Data records START
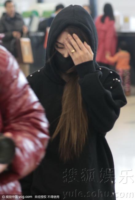 昆凌口罩遮面现机场 见拍照忙用手遮挡晒婚戒
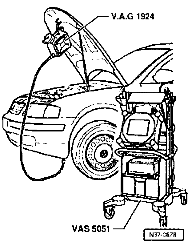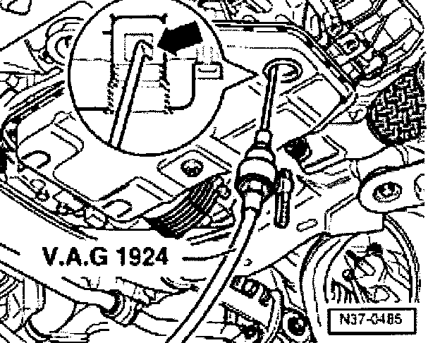 - Guide VAG 1924 in through an opening -arrow- in the deflector cap, taking care not to push the deflector cap upward out of position.
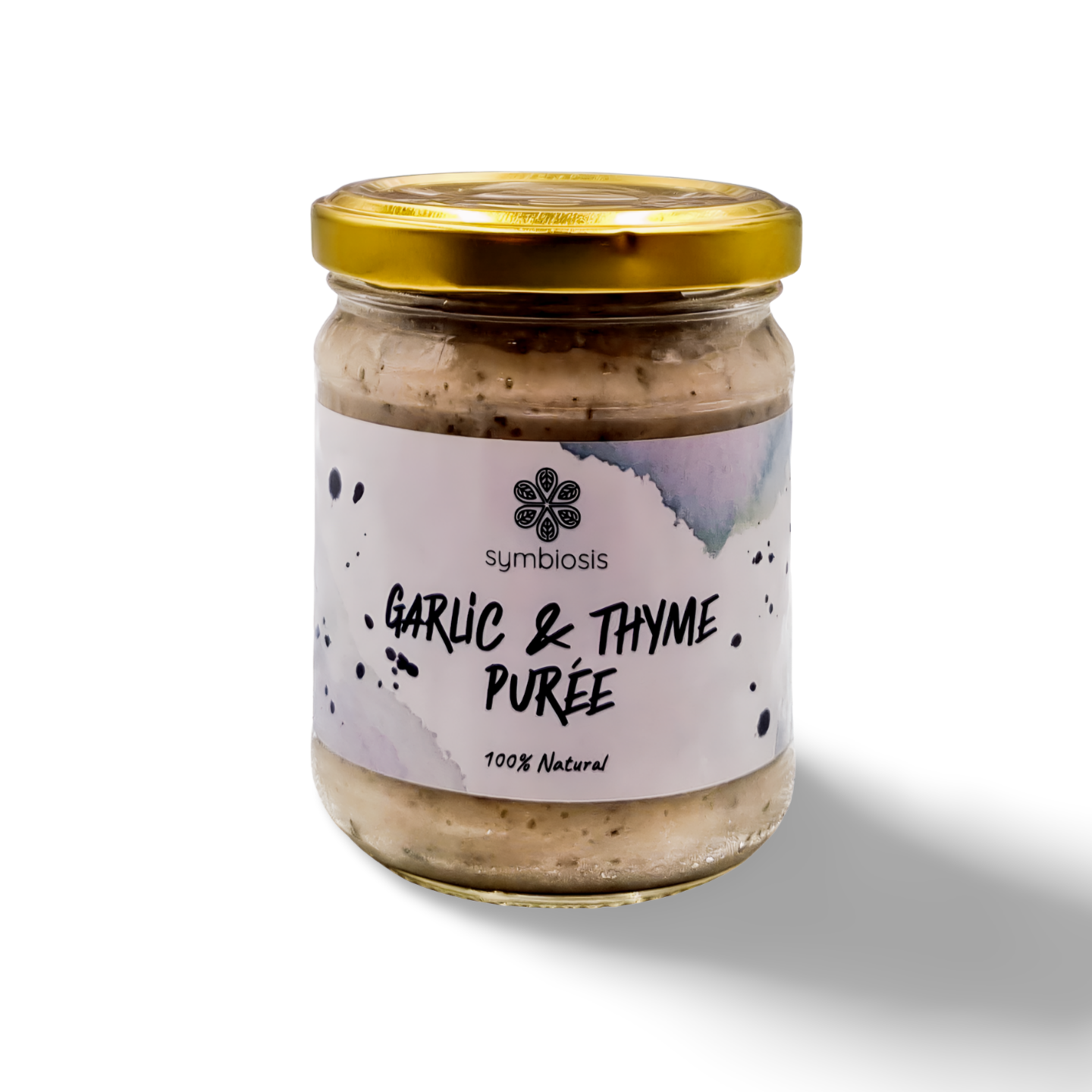 A richly savoury garlic paste blended with fragrant Thyme—ideal for enhancing sauces, marinades, dressings, and spreads. Smooth, creamy, and bursting with bold garlic flavour, Perfect as a condiment, dip, or ingredient, adding a rich and savory touch to breads, meats, roasted vegetables, or your favorite recipes. A must-have for garlic lovers!
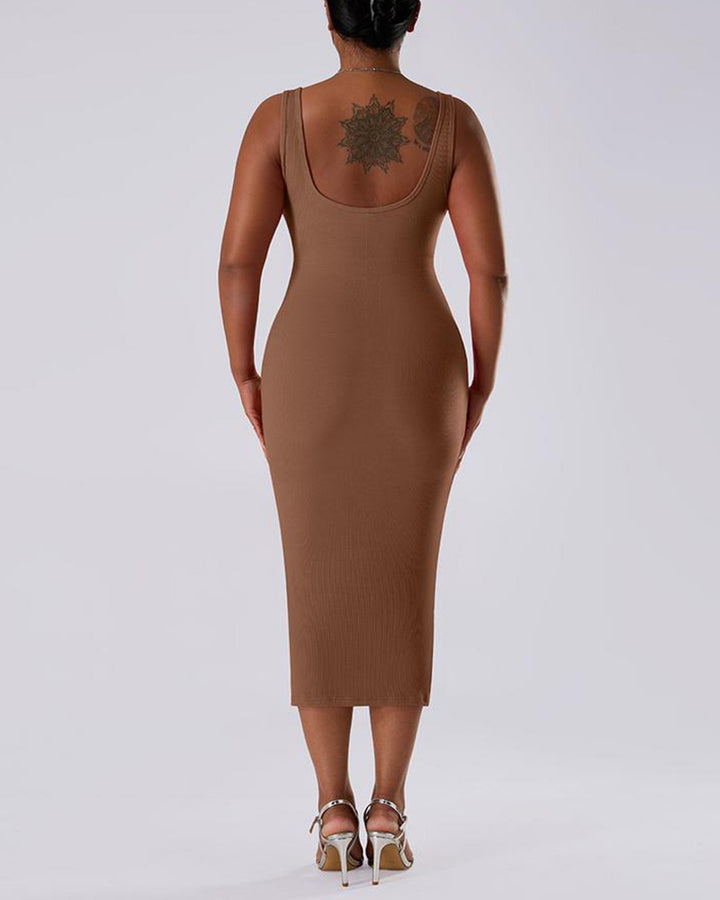 Détails du produit : Robe longue sans manches unie avec gaine intégrée pour affiner la taille et relever les hanches
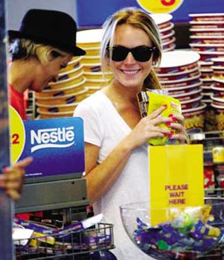 林賽·洛韓和DJ女友薩曼莎·羅森趁拍攝電影《產前陣痛》的間隙漫步在好萊塢北部的街頭,看起來十分甜蜜。她們先到一家音像店挑選光盤,然后又一同前往超市購買美味零食。兩人一路上有說有笑,看上去非常開心。
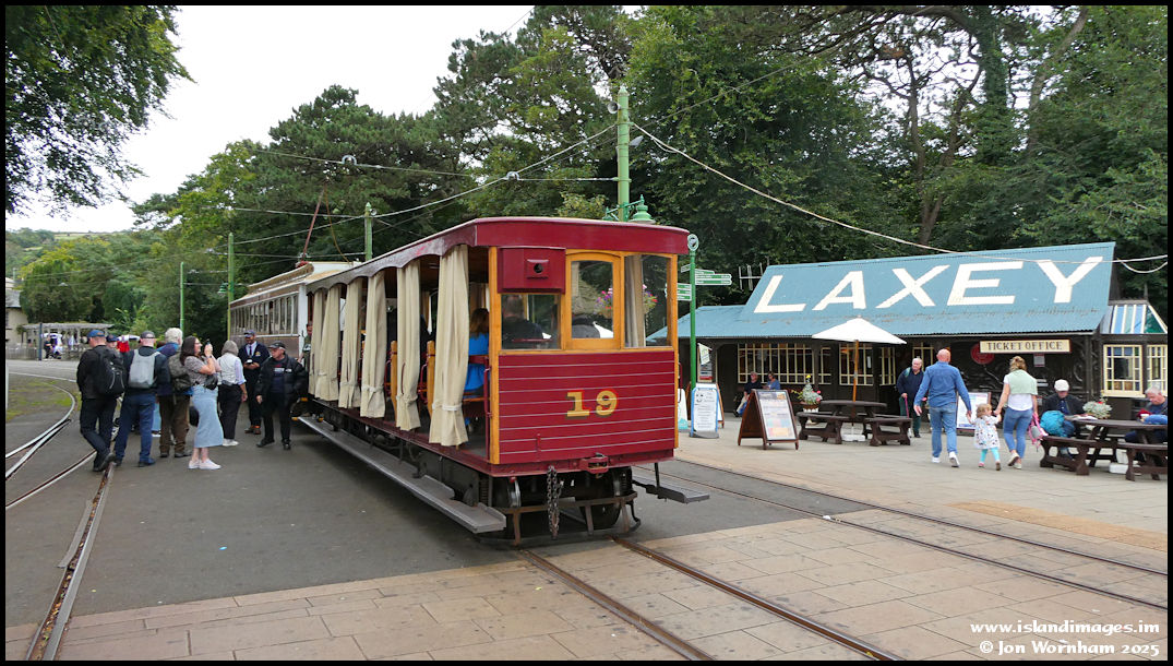 No 9 was hauling trailer '19' (later No 36) which was restored with weather protection curtains, instead of the later roller shutter design. No 19 was delivered in 1894 and renumbered as 36 in 1898.
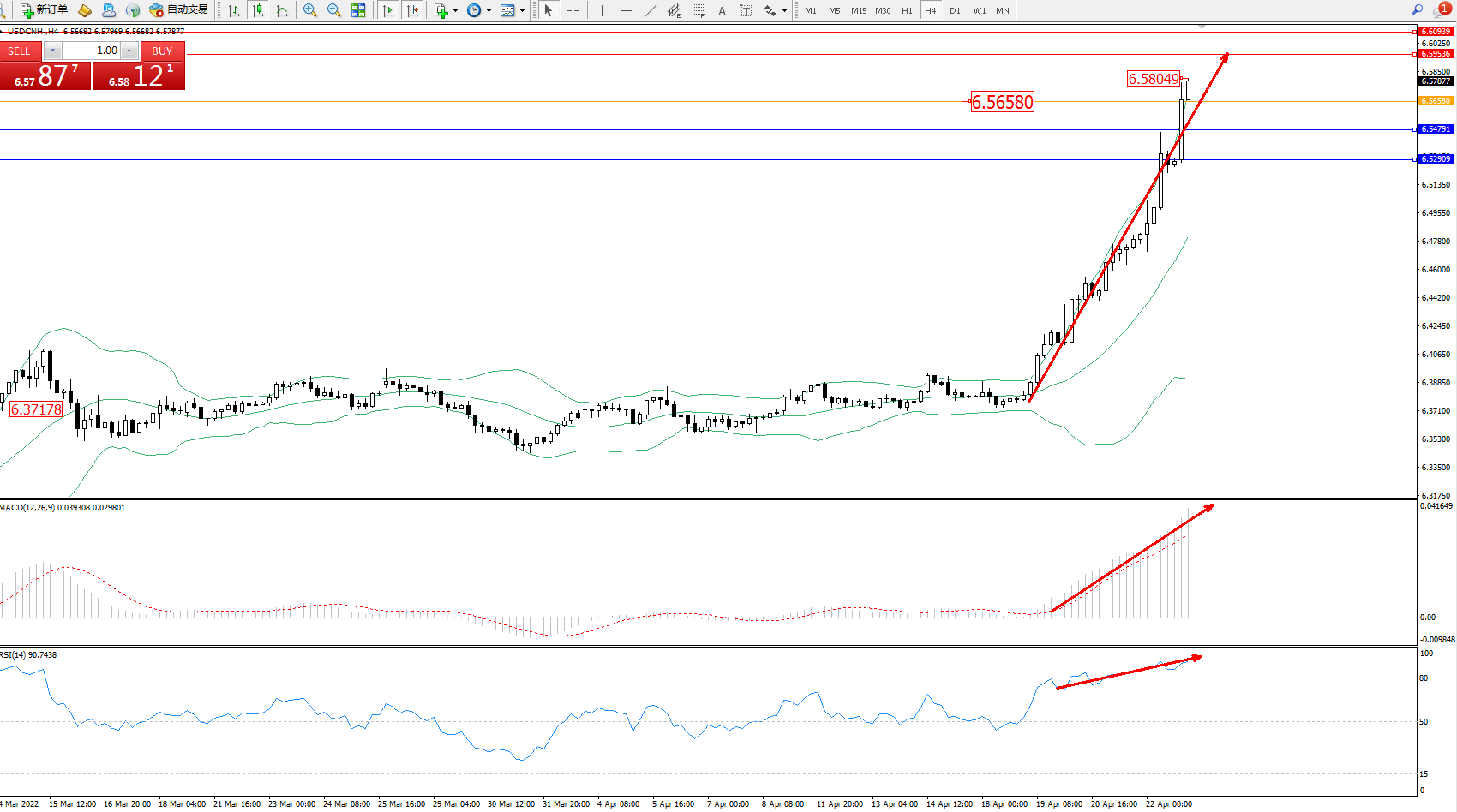 技术点评:多头动力延续布林带指标上轨附近强势拉升上扬,高位抵达6.58049附近整理,短期多头动力有继续攀升态势,布林带指标呈张口走势后持续中,MACD指标处于多头区域不断攀升,RSI指标处于超买区80均衡线上方不断上移;
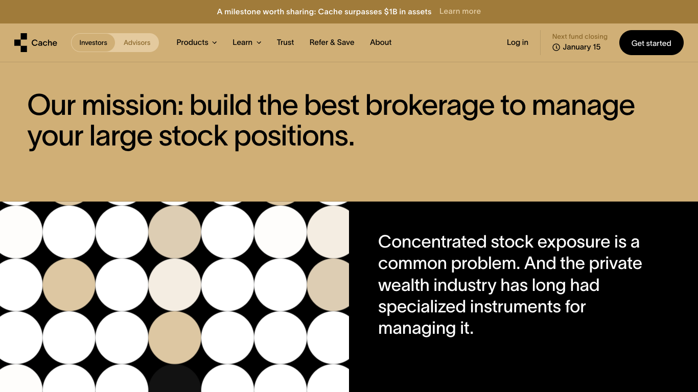 Cacheは大口株式ポジションの管理に特化した、現代的な証券ブローカーサービスです。
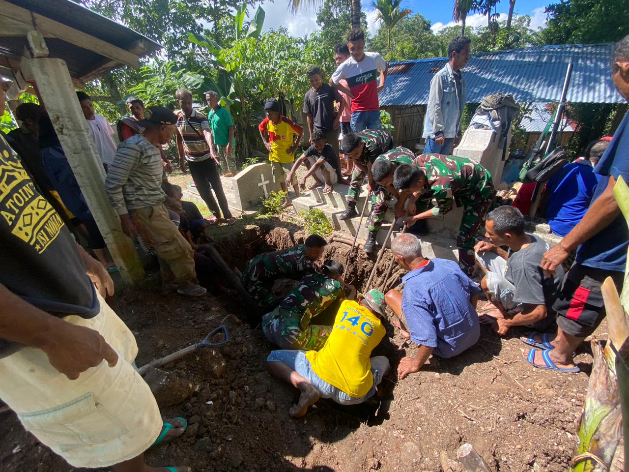 Siber24jam.com – Pos Nilulat Satgas Yonkav 6/Naga Karimata turut membantu masyarakat Desa Nilulat, Kecamatan Bikomi Nilulat, Kabupaten TTU, Provinsi NTT, yang sedang mengalami kedukaan dengan menggali kuburan. (11/6/2024)
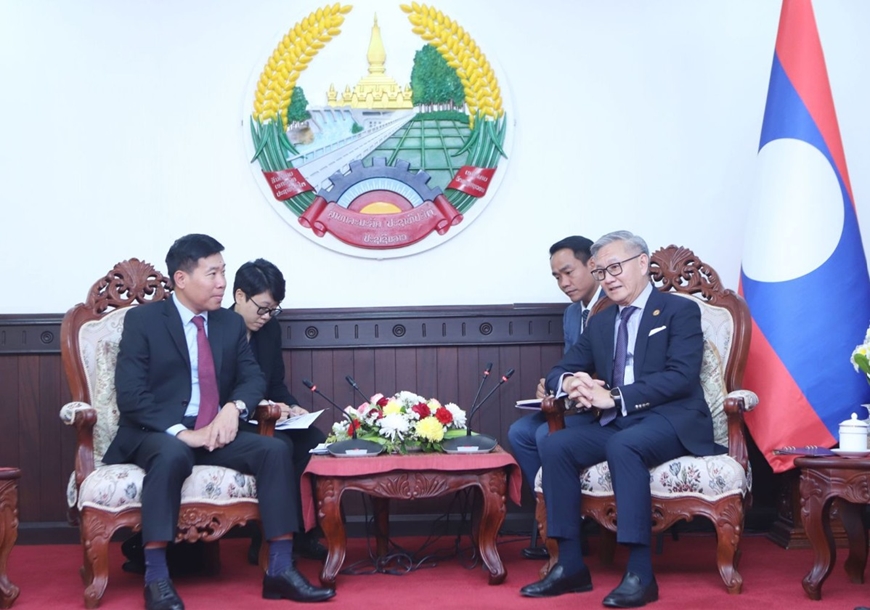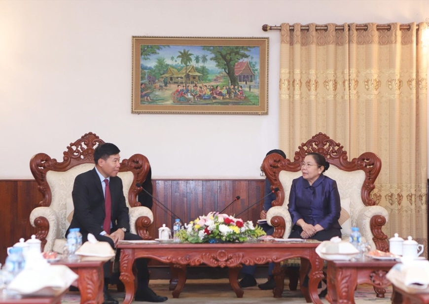 Thứ trưởng Bộ Ngoại giao Nguyễn Mạnh Cường gặp đồng chí Sisay Leudetmounsone.
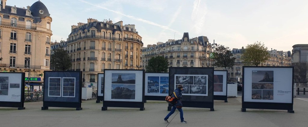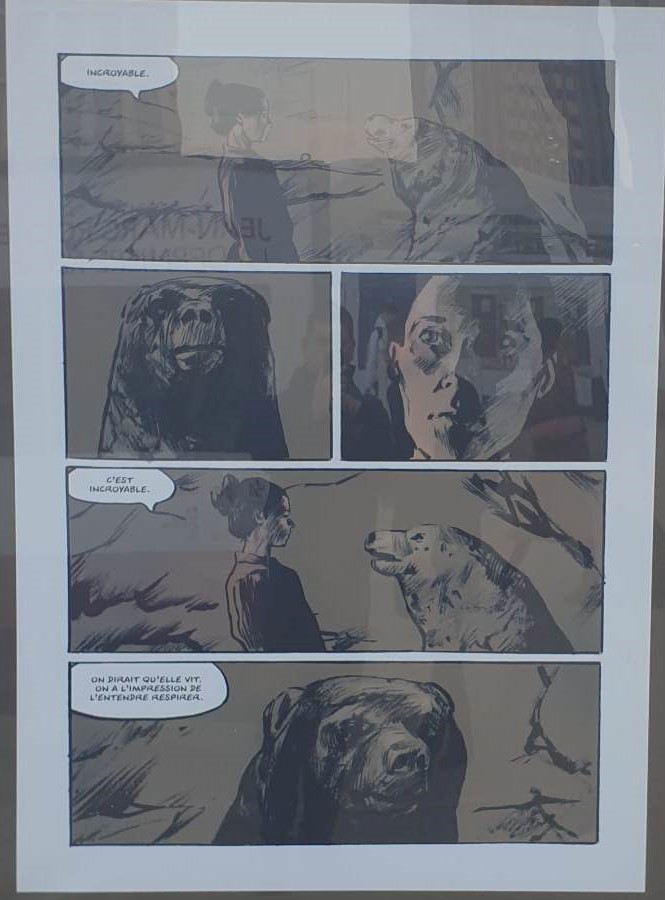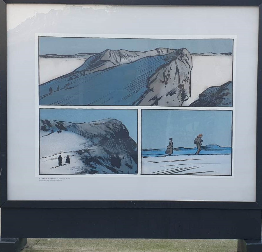 A Paris, de grands panneaux abritent des planches agrandies pour l’occasion. Ils permettent d’apprécier la technique traditionnelle d’un bédéiste qui est également peintre et sculpteur. Il est l’artiste de la montagne, celui qui nous bluffe et nous émeut systématiquement par sa représentation d’une nature splendide et hostile qu’il connaît parfaitement.
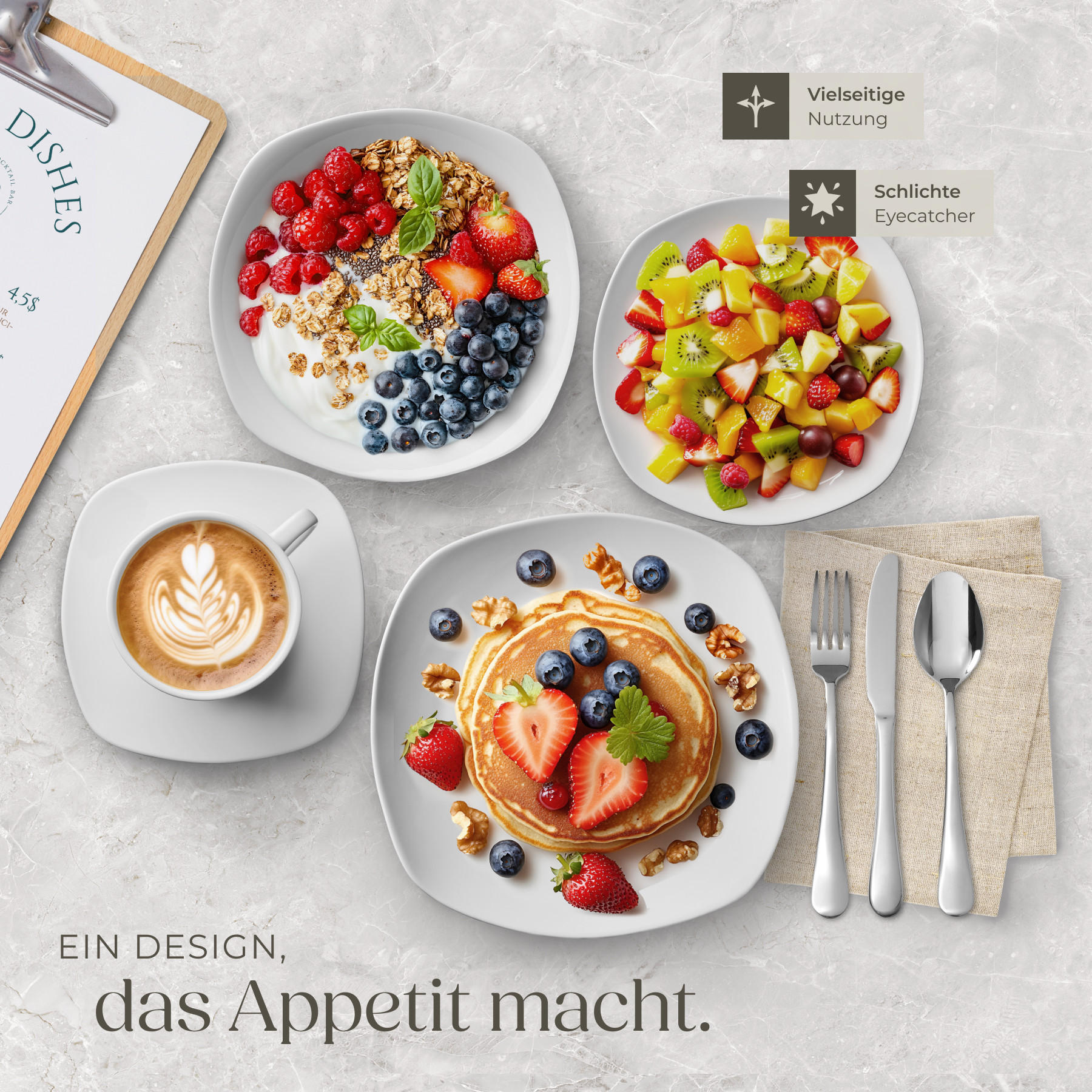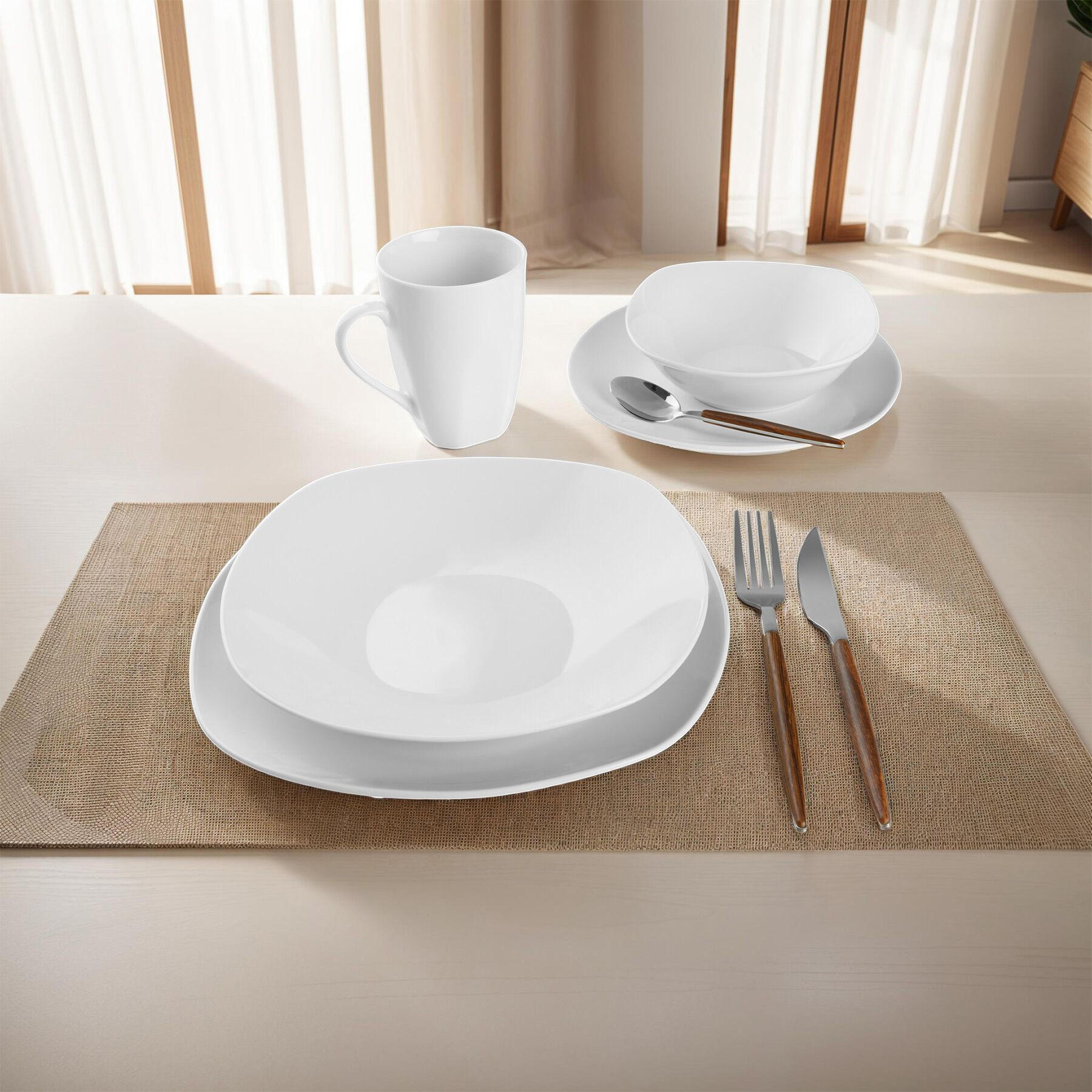 С набором посуды Salerno от tectake вы получаете универсальный комплект, который благодаря идеальному сочетанию квадратных и круглых форм станет настоящим украшением вашего обеденного стола.
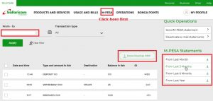 You may choose to use Safaricom Self-care to download your Mpesa statement online.  Safaricom’s self-care service enables customers to easily manage their Safaricom account online through the Self-care portal.
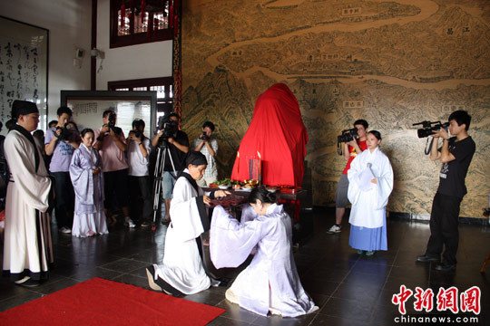 组图:端午节长沙市民穿汉服祭屈原(2)
Data records END
▸ What needs to be done
Restrict the output to the lines from the one with "You may choose" through the last line of the material above. Print them exactly, leaving out every picture.

▸ Result of this task
 You may choose to use Safaricom Self-care to download your Mpesa statement online.  Safaricom’s self-care service enables customers to easily manage their Safaricom account online through the Self-care portal.
 组图:端午节长沙市民穿汉服祭屈原(2)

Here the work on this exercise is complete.